DachunKai commented 2 months ago
  1. For the video's meta information, if you know the original FPS, use that FPS. If not, you can set it to 25 or 30 FPS. For better understanding, you can assume B=5, which means there are 5 extra frames between two frames. However, these extra frames come from event signals, and they are still different in form from frame signals.
  2. The images in dict_keys are the frames from the original video and do not include the interpolated frames.
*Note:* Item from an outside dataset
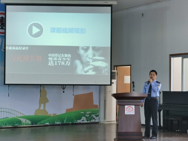 随后,市公安局禁毒支队程宏同志作《珍爱生命,拒绝毒品》专题授课,他从一段《与死神共舞》的视频导入,从毒品的由来、毒品的定义、毒品的种类、吸毒的方式以及毒品的危害五个方面详细地为同学们上了一节精彩的禁毒知识课堂。
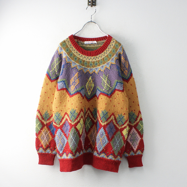 :KANEKO ISAO WONDERFUL WORLD カネコイサオ ワンダフルワールド 求心柄 ウールクルーネックニット レッド

The interpolated frames are only used to simulate better event signals and are not packaged into the h5 file. So you should use events_to_voxel_torch to convert the events between two original frames into voxels.
  3. The LR image is downsampled from the GT image. We use a MATLAB script to downsample the GT image. You can refer to generate_bicubic_img.m.
eduardatmadenn commented 2 months ago

Hi, Thanks for you answer, just to clarify:

  1. I am asking how many actual interpolated frames do you use between two (real) frames
  2. In the Event Signal data, do the timestamps (first column, here) reset to 0 for every real frame, or are they continuous?
    674 571 274 0
    687 632 314 0
    706 632 313 0
    707 639 336 0
    710 639 329 0
    716 639 328 0
    718 0 294 0
    718 639 332 0
    720 639 335 0
    724 639 330 0
    724 639 331 0
    729 550 163 0
    735 550 164 0
DachunKai commented 2 months ago
  1. We interpolate 7 frames between two (real) frames for the Vimeo90k dataset, and interpolate 3 frames between two (real) frames for the REDS and Vid4 datasets using the RIFE interpolation model.
  2. I can't understand your second question. Event data consists of x, y, t, and p, where p equals +1 or -1, indicating event polarity, and t is continuous with a very small delay. Thanks!